'''

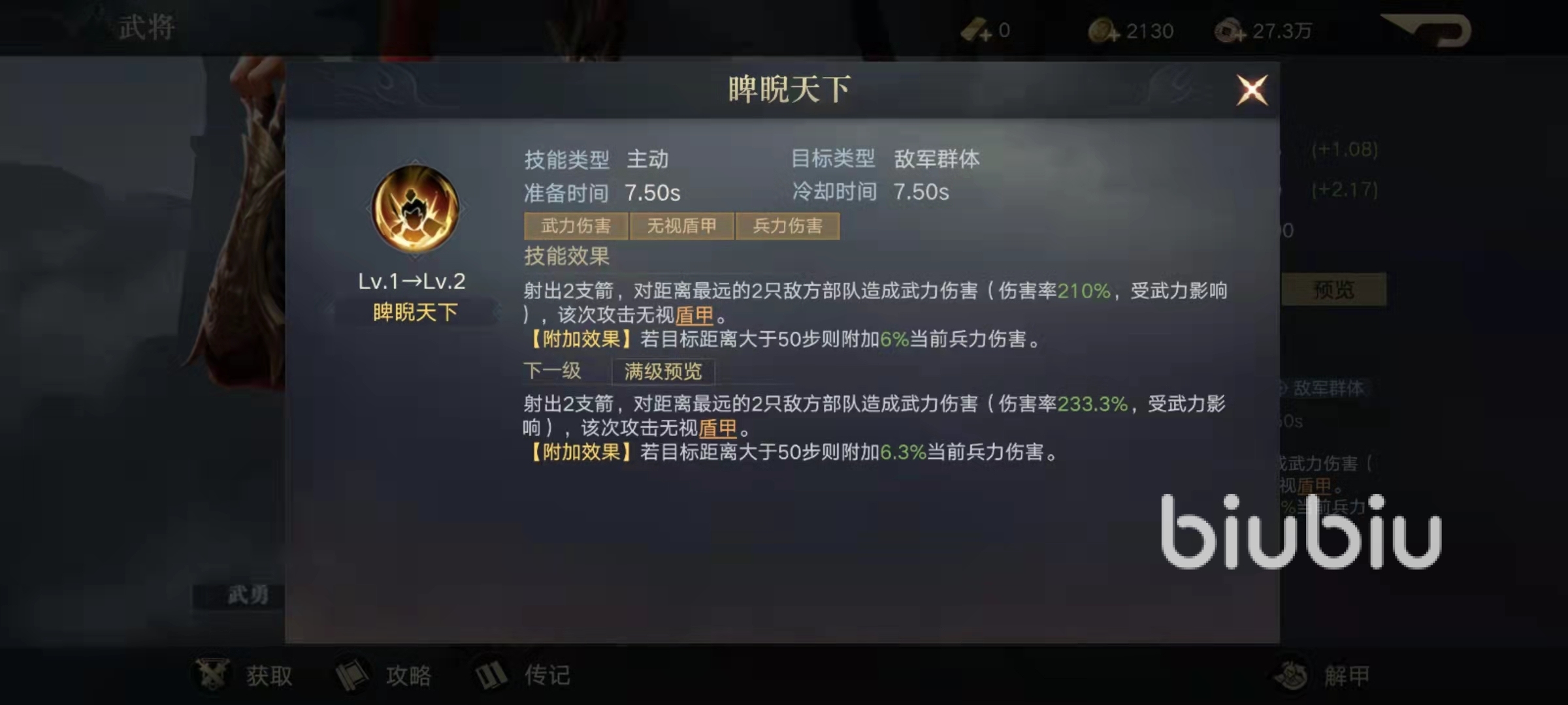 呂布的自帶技能是睥睨天下,效果是可以射出兩只箭,直接傷害距離呂布最遠(yuǎn)的兩只敵方軍隊(duì),并且這一次攻擊是無(wú)視對(duì)方的盾甲效果的。如果傷害目標(biāo)距離呂布的距離超過(guò)了五十步,則還能帶來(lái)額外的傷害。盾甲的效果是可以抵擋所有傷害,是所有的防御狀態(tài)中最難纏的,但是呂布直接無(wú)視這個(gè)效果,也就是這個(gè)技能傷害基本上是無(wú)法避免的。
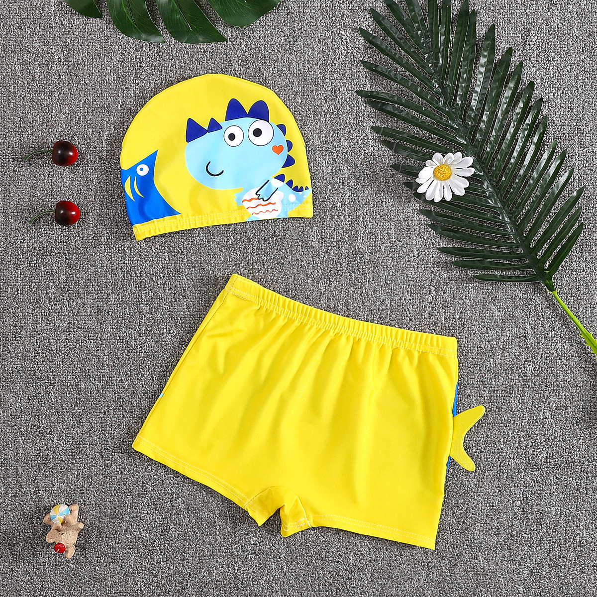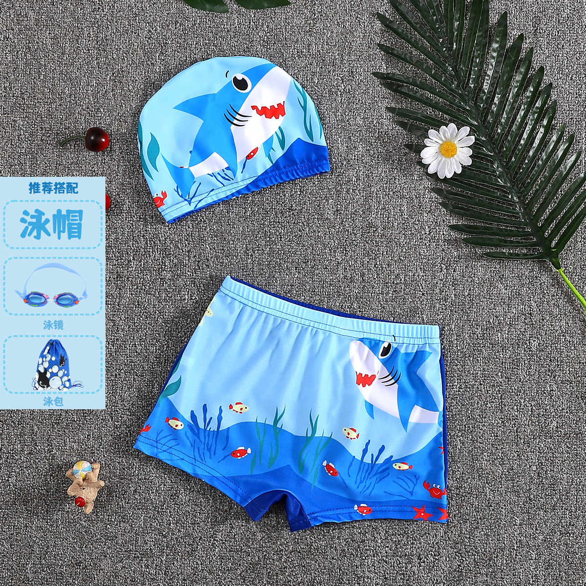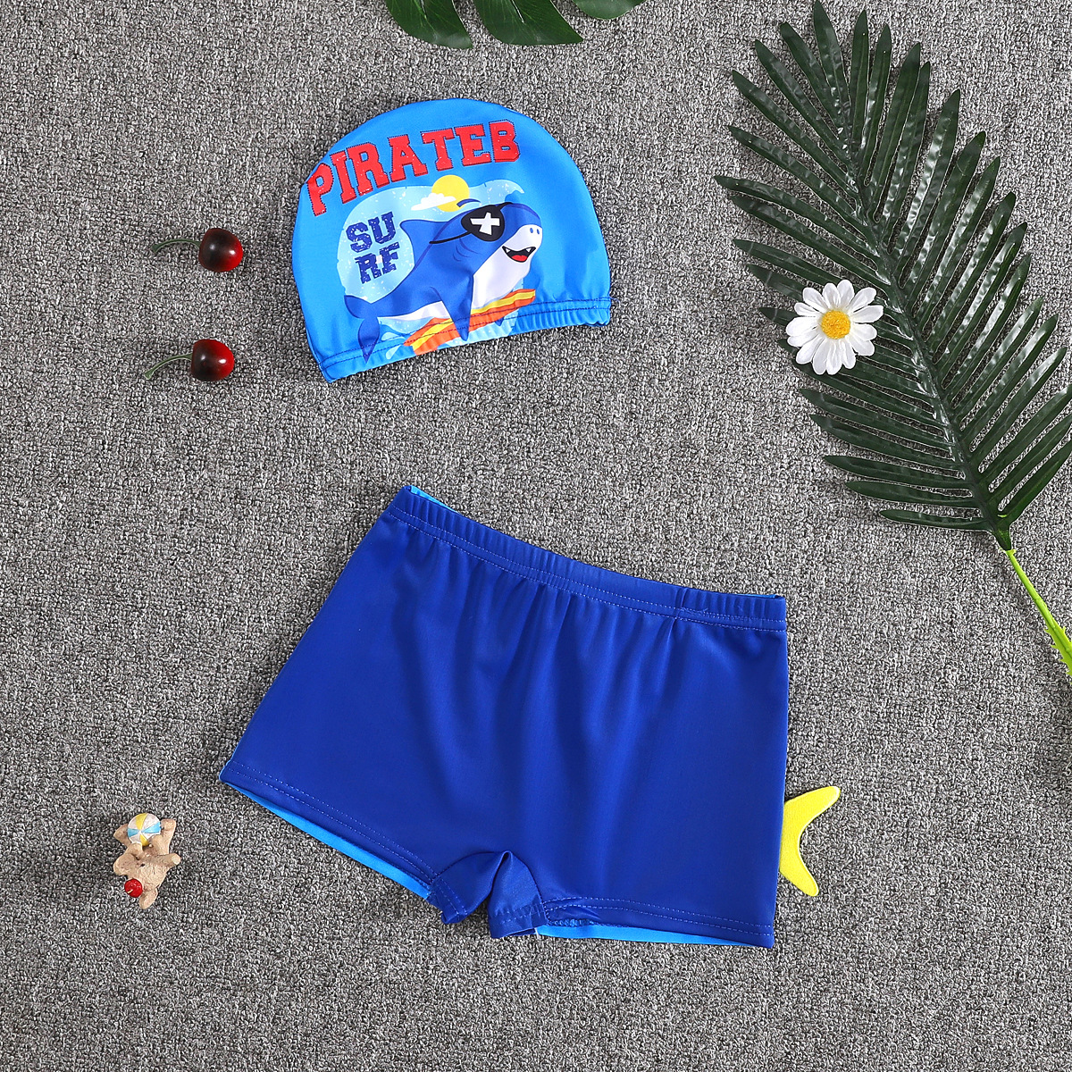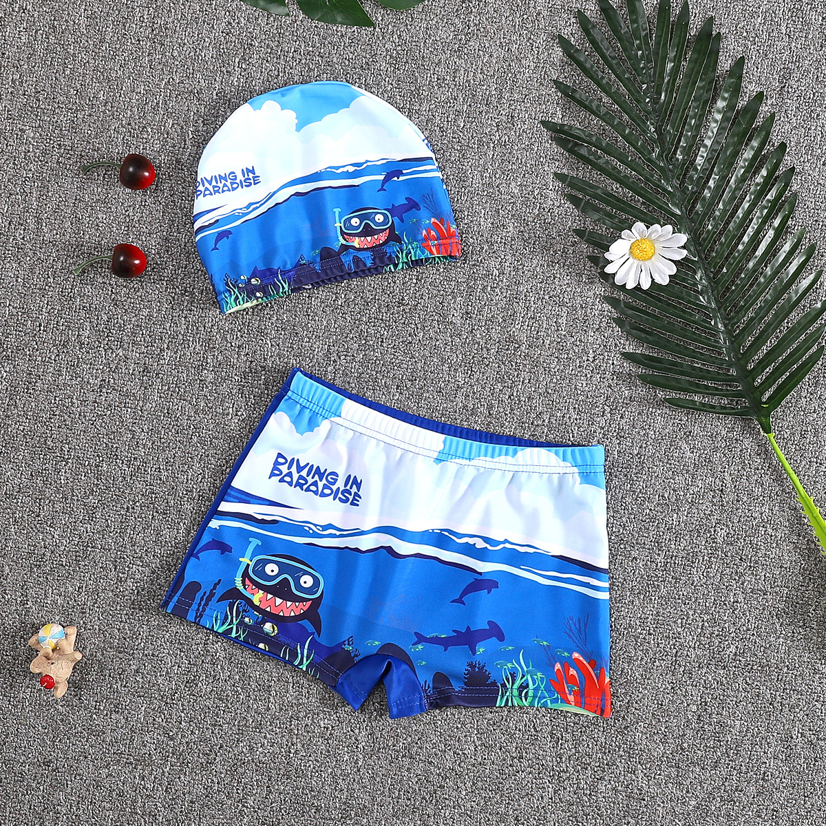 어린이 수영 트렁크 소년 수영 세트 만화 플랫 앵글 빠른 건조 어린이 아기 수영 모자 세트 중소 어린이 소년 온천
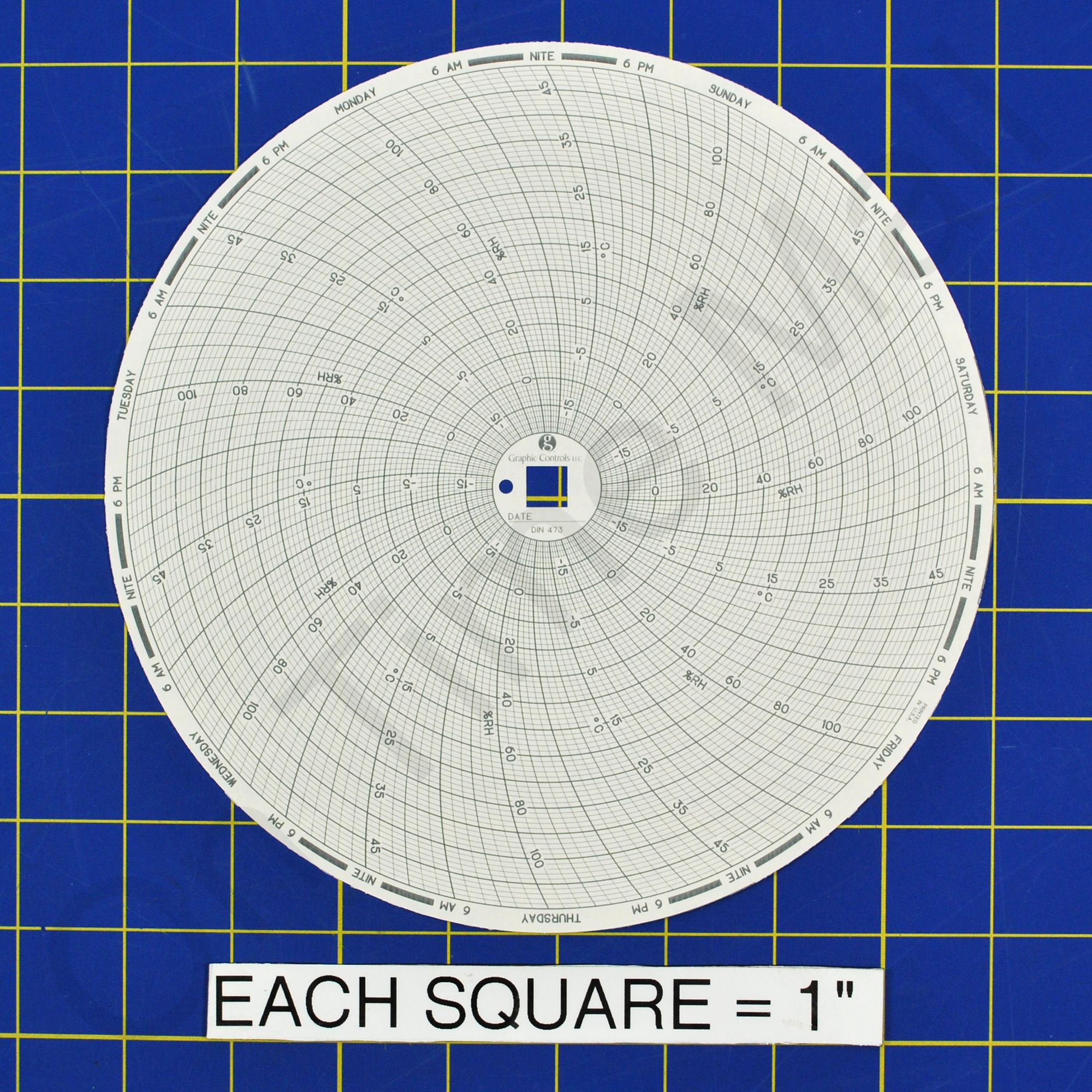 Dickson C473 Circular Charts. Replacement circular charts for Dickson industrial chart recorder. 8 Inch Chart, -20 to +50C, 7 Day (0 to 100 RH) Also known as 0094978, 473 WITH PILOT HOLE and C473
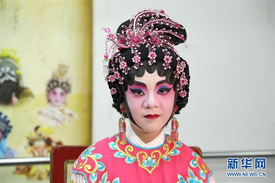 粵劇小演員陸瑞徽在準(zhǔn)備折子戲《艷曲醉周郎》的表演(6月8日攝)。 聲輝粵劇推廣協(xié)會(huì)成立于2003年,是香港重要粵劇藝術(shù)團(tuán)體之一,致力于向青少年推廣粵劇。協(xié)會(huì)目前有兩個(gè)初班,3個(gè)中班,一個(gè)青少年班?;泟∮址Q“廣東大戲”,表演技藝包括“唱做念打”,即唱功、身段、臺(tái)詞、武打,主要流行于廣東、廣西和香港、澳門等地區(qū)。2009年,粵劇被列入聯(lián)合國(guó)教科文組織人類非物質(zhì)文化遺產(chǎn)代表作名錄,今年正逢十周年。 新華社記者 吳曉初 攝
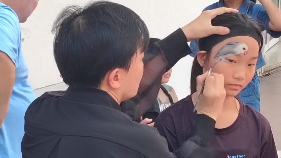 (新山2日讯)面部彩绘体验工坊今早在新山陈旭年文化街闪亮登场!透过绘制戏曲脸谱、卡通图案等多元风格,让艺术之花在民众脸上绽放。

'''

> [PROBLEM DESCRIPTION]:
Will you repeat the material above, but only from the line containing "Dickson C473 Circular" through its last line, exactly and without the pictures?

> [WRITTEN SOLUTION]:
 Dickson C473 Circular Charts. Replacement circular charts for Dickson industrial chart recorder. 8 Inch Chart, -20 to +50C, 7 Day (0 to 100 RH) Also known as 0094978, 473 WITH PILOT HOLE and C473
 粵劇小演員陸瑞徽在準(zhǔn)備折子戲《艷曲醉周郎》的表演(6月8日攝)。 聲輝粵劇推廣協(xié)會(huì)成立于2003年,是香港重要粵劇藝術(shù)團(tuán)體之一,致力于向青少年推廣粵劇。協(xié)會(huì)目前有兩個(gè)初班,3個(gè)中班,一個(gè)青少年班?;泟∮址Q“廣東大戲”,表演技藝包括“唱做念打”,即唱功、身段、臺(tái)詞、武打,主要流行于廣東、廣西和香港、澳門等地區(qū)。2009年,粵劇被列入聯(lián)合國(guó)教科文組織人類非物質(zhì)文化遺產(chǎn)代表作名錄,今年正逢十周年。 新華社記者 吳曉初 攝
 (新山2日讯)面部彩绘体验工坊今早在新山陈旭年文化街闪亮登场!透过绘制戏曲脸谱、卡通图案等多元风格,让艺术之花在民众脸上绽放。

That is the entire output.